Activity
All entries below must be written out verbatim, and the images must be dropped.

(Records contained in a dataset)
========================================================================
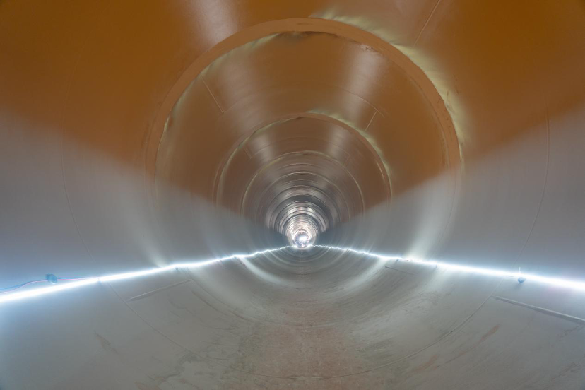 ▲引水中平洞焊接完成的1000兆帕压力钢管内部 三峡建工供图
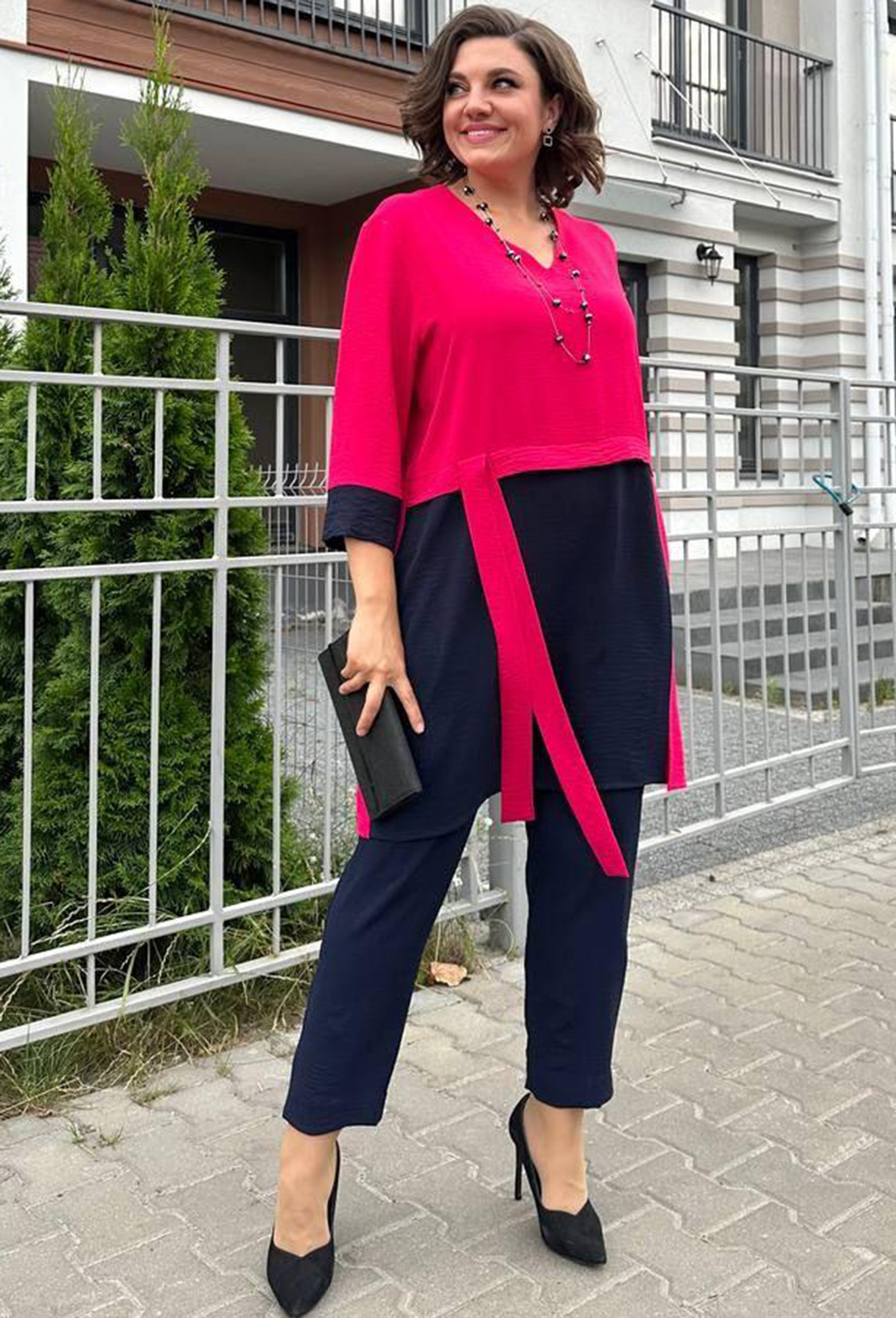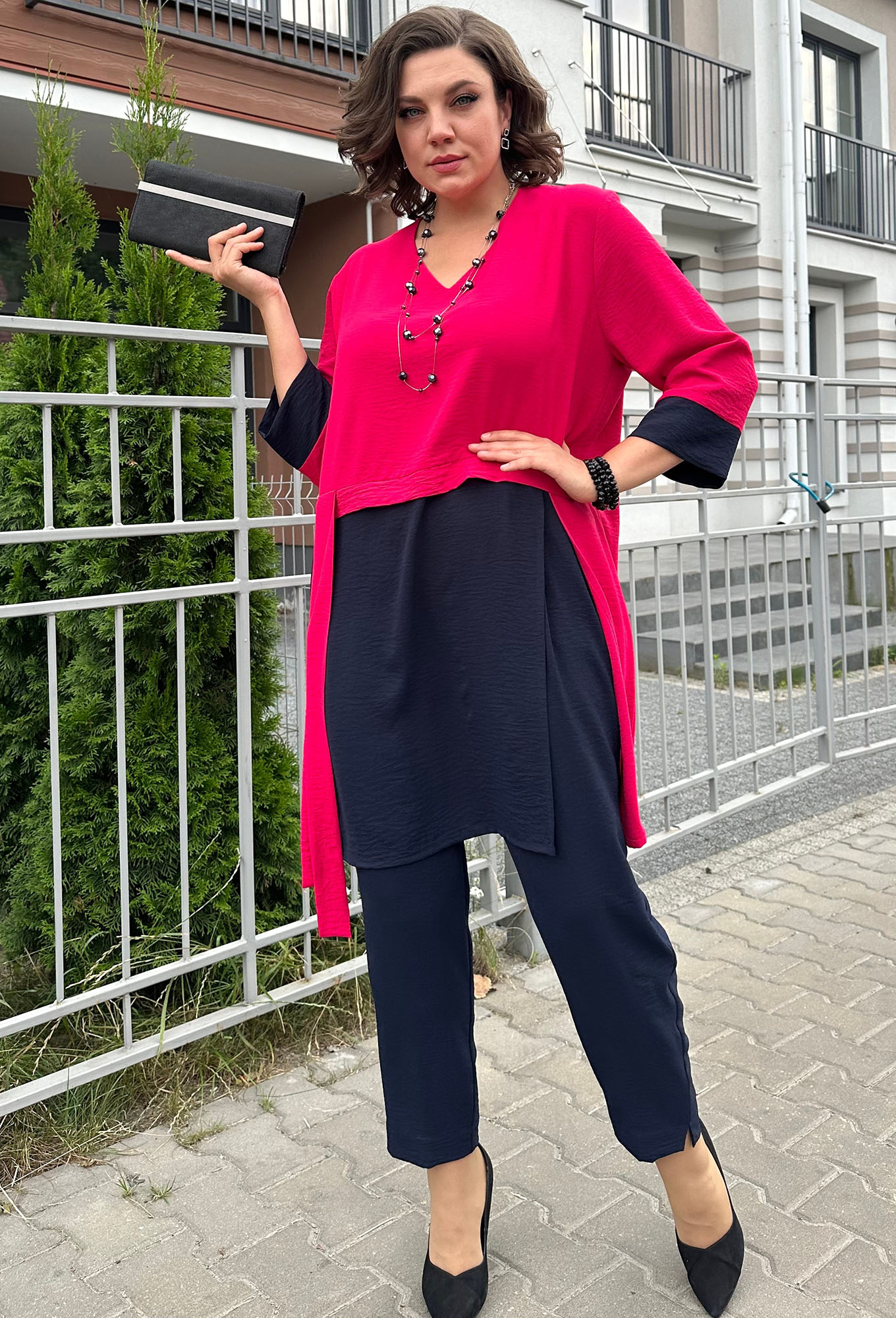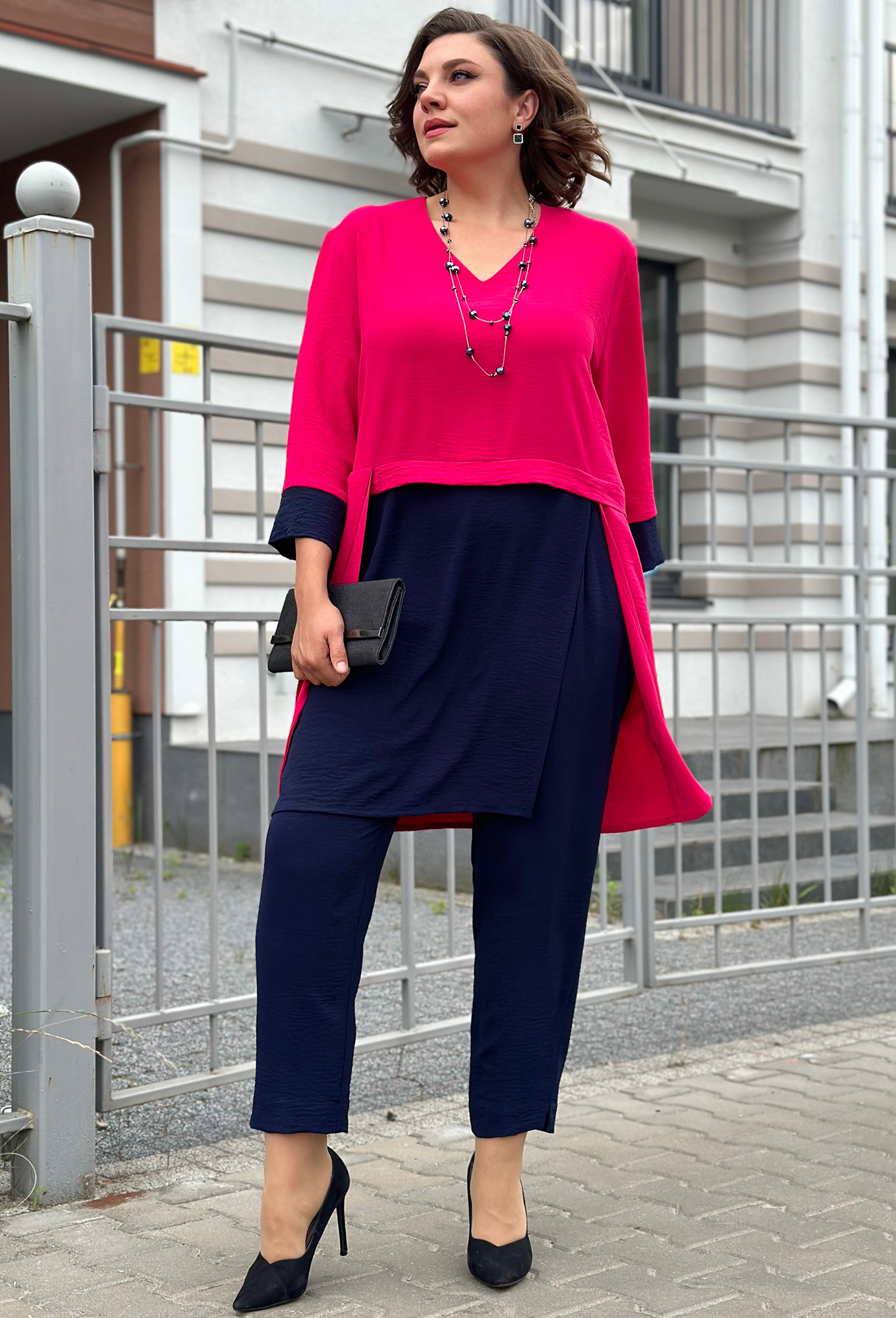 Модель: Рунелла 1586 фуксия Рост:..показать 164 см (девушка на фото ростом 170см) Сезон: Весна-Лето Тип ткани: 95% Полиэстер, 5% ЭластанКостюм брючный женский с туникой для праздника выполнен из Легкой струящийся ткани. Длина туники по спинке 95 см. Свободный силуэт, спущено плечо. Брюки на резинке слегка заужены к низу с карманами. Длина брюк 100 см. 164 см (девушка на фото ростом 170см)
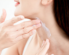 首の乾燥は、あらゆるシワの原因となるため、顔と同じように十分な保湿ケアを行なうことが首のシワの予防につながります。基本的には顔と同じ保湿ケアで問題ないので、顔の保湿ケアと一緒に、顔用の化粧水や乳液などを用いてしっかりと保湿しましょう。
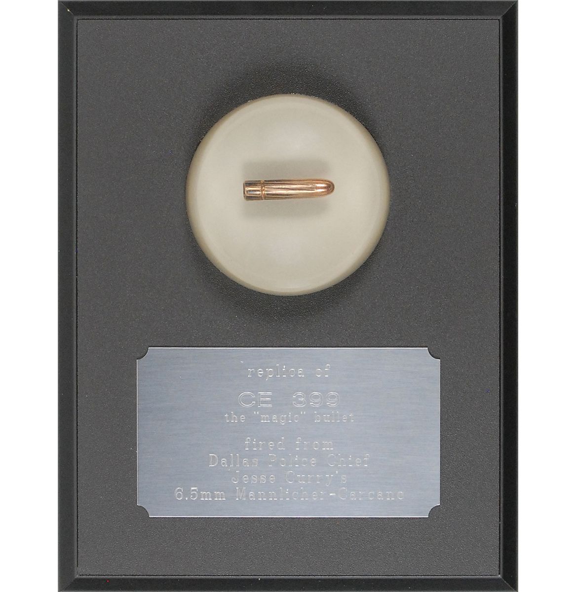 A bullet, approximately 1.25? long, fired from a 6.5mm Mannlicher-Carcano Italian carbine rifle owned by Jesse E. Curry, Dallas Chief of Police from 1960–1966. He was seated in the lead car in the presidential motorcade on November 22, 1963. A similar bullet from a similar rifle was shot by Lee Harvey Oswald at President Kennedy. Warren Commission Exhibit 399 is identified as ‘Bullet found on stretcher at Parkland Memorial Hospital, Dallas, Tex.’ It is also pictured on page 49 of Volume XVII of the Warren Commission Hearings. Bullet is housed in an acrylic mold, 3” in diameter, and mounted on a 7 x 9 plaque, with a descriptive plate affixed to the bottom which reads, “Replica of CE 399 the ‘magic’ bullet fired from Dallas Police Chief Jesse Curry’s 6.5mm Mannlicher-Carcano.” Accompanied by a copy of a 1991 notarized letter from Larry N. Howard, co-director, JFK Assassination Information Center, which reads: “I Larry Howard, set in place this 6.5mm bullet in an acrylic mold after firing it myself from Dallas Police Chief Jesse Curry’s personal 6.5mm Italian Mannlicher-Carcano rifle. I originally made 5 examples but only 3 were successful. In turn I sold one of the successful examples to Stanley J. Szerszen.” In fine condition. An incredibly scarce, and still controversial reminder of that day in Dallas.
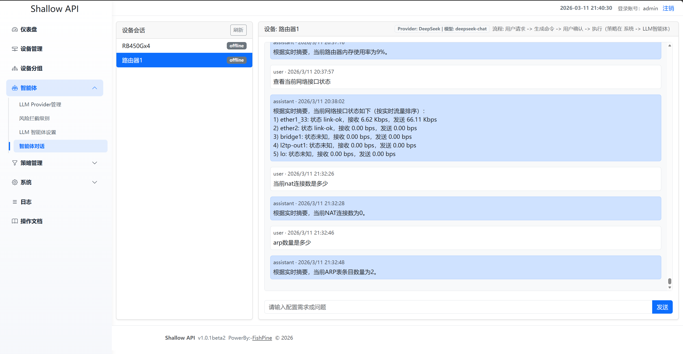 - 只读查询意图优先直查(RouterOS 只读路由)+ LLM 解释
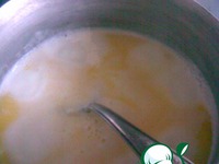 добавить тонкой струйкой манку и мешать, пока каша не начнет отставать от дна посуды |
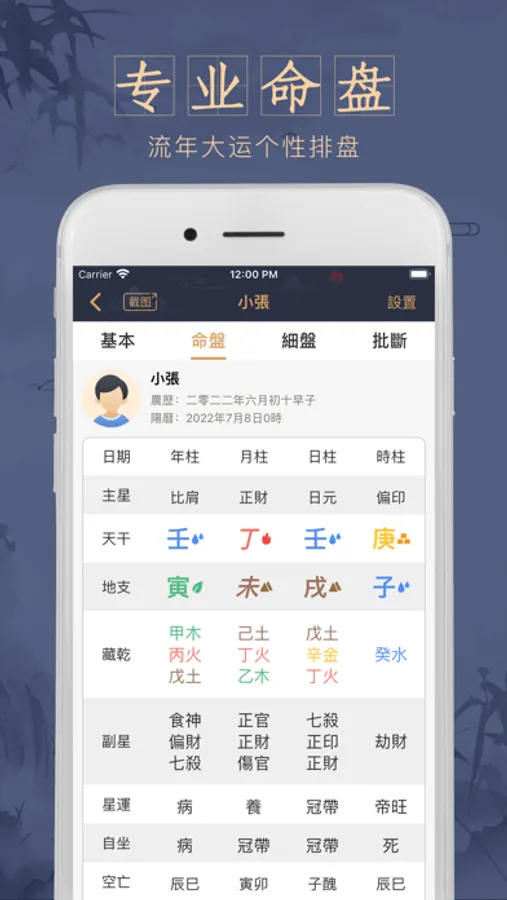 天命八字是一款易用、简洁、专业的八字命理APP,提供由中国传统文化衍生而来的算命服务。
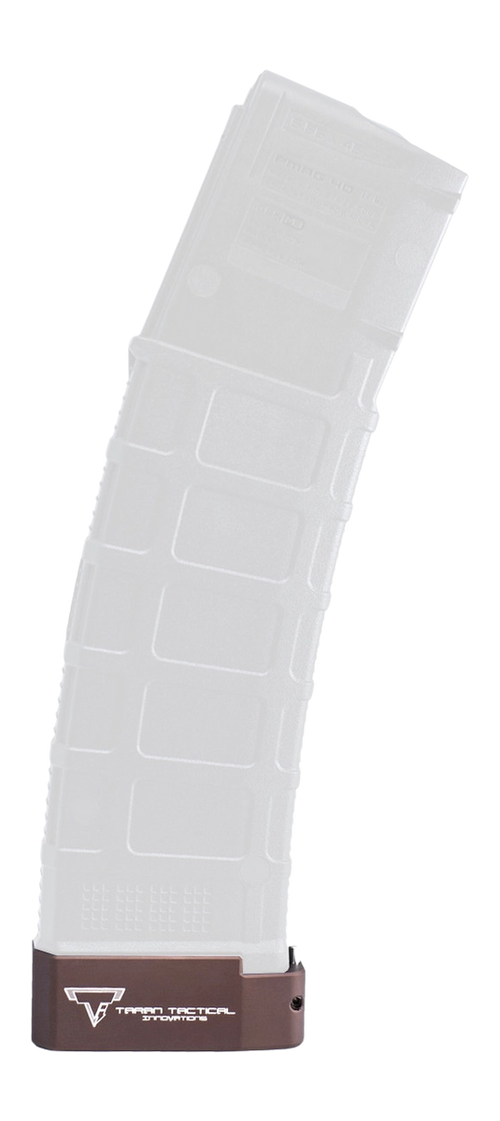 This is a +5 round capacity base pad extension for AR-15 PMAG magazines in .223/5.56 NATO. The Taran Tactical Firepower base pad features a hard coat anodized flat black finish and is designed to increase magazine capacity. Note: This product is subject to state restrictions in CA, CO, CT, DC, DE, MA, MD, NJ, NY, RI, VT, and WA.
========================================================================
Answer space
 ▲引水中平洞焊接完成的1000兆帕压力钢管内部 三峡建工供图
 Модель: Рунелла 1586 фуксия Рост:..показать 164 см (девушка на фото ростом 170см) Сезон: Весна-Лето Тип ткани: 95% Полиэстер, 5% ЭластанКостюм брючный женский с туникой для праздника выполнен из Легкой струящийся ткани. Длина туники по спинке 95 см. Свободный силуэт, спущено плечо. Брюки на резинке слегка заужены к низу с карманами. Длина брюк 100 см. 164 см (девушка на фото ростом 170см)
 首の乾燥は、あらゆるシワの原因となるため、顔と同じように十分な保湿ケアを行なうことが首のシワの予防につながります。基本的には顔と同じ保湿ケアで問題ないので、顔の保湿ケアと一緒に、顔用の化粧水や乳液などを用いてしっかりと保湿しましょう。
 A bullet, approximately 1.25? long, fired from a 6.5mm Mannlicher-Carcano Italian carbine rifle owned by Jesse E. Curry, Dallas Chief of Police from 1960–1966. He was seated in the lead car in the presidential motorcade on November 22, 1963. A similar bullet from a similar rifle was shot by Lee Harvey Oswald at President Kennedy. Warren Commission Exhibit 399 is identified as ‘Bullet found on stretcher at Parkland Memorial Hospital, Dallas, Tex.’ It is also pictured on page 49 of Volume XVII of the Warren Commission Hearings. Bullet is housed in an acrylic mold, 3” in diameter, and mounted on a 7 x 9 plaque, with a descriptive plate affixed to the bottom which reads, “Replica of CE 399 the ‘magic’ bullet fired from Dallas Police Chief Jesse Curry’s 6.5mm Mannlicher-Carcano.” Accompanied by a copy of a 1991 notarized letter from Larry N. Howard, co-director, JFK Assassination Information Center, which reads: “I Larry Howard, set in place this 6.5mm bullet in an acrylic mold after firing it myself from Dallas Police Chief Jesse Curry’s personal 6.5mm Italian Mannlicher-Carcano rifle. I originally made 5 examples but only 3 were successful. In turn I sold one of the successful examples to Stanley J. Szerszen.” In fine condition. An incredibly scarce, and still controversial reminder of that day in Dallas.
 - 只读查询意图优先直查(RouterOS 只读路由)+ LLM 解释
 добавить тонкой струйкой манку и мешать, пока каша не начнет отставать от дна посуды |
 天命八字是一款易用、简洁、专业的八字命理APP,提供由中国传统文化衍生而来的算命服务。
 This is a +5 round capacity base pad extension for AR-15 PMAG magazines in .223/5.56 NATO. The Taran Tactical Firepower base pad features a hard coat anodized flat black finish and is designed to increase magazine capacity. Note: This product is subject to state restrictions in CA, CO, CT, DC, DE, MA, MD, NJ, NY, RI, VT, and WA.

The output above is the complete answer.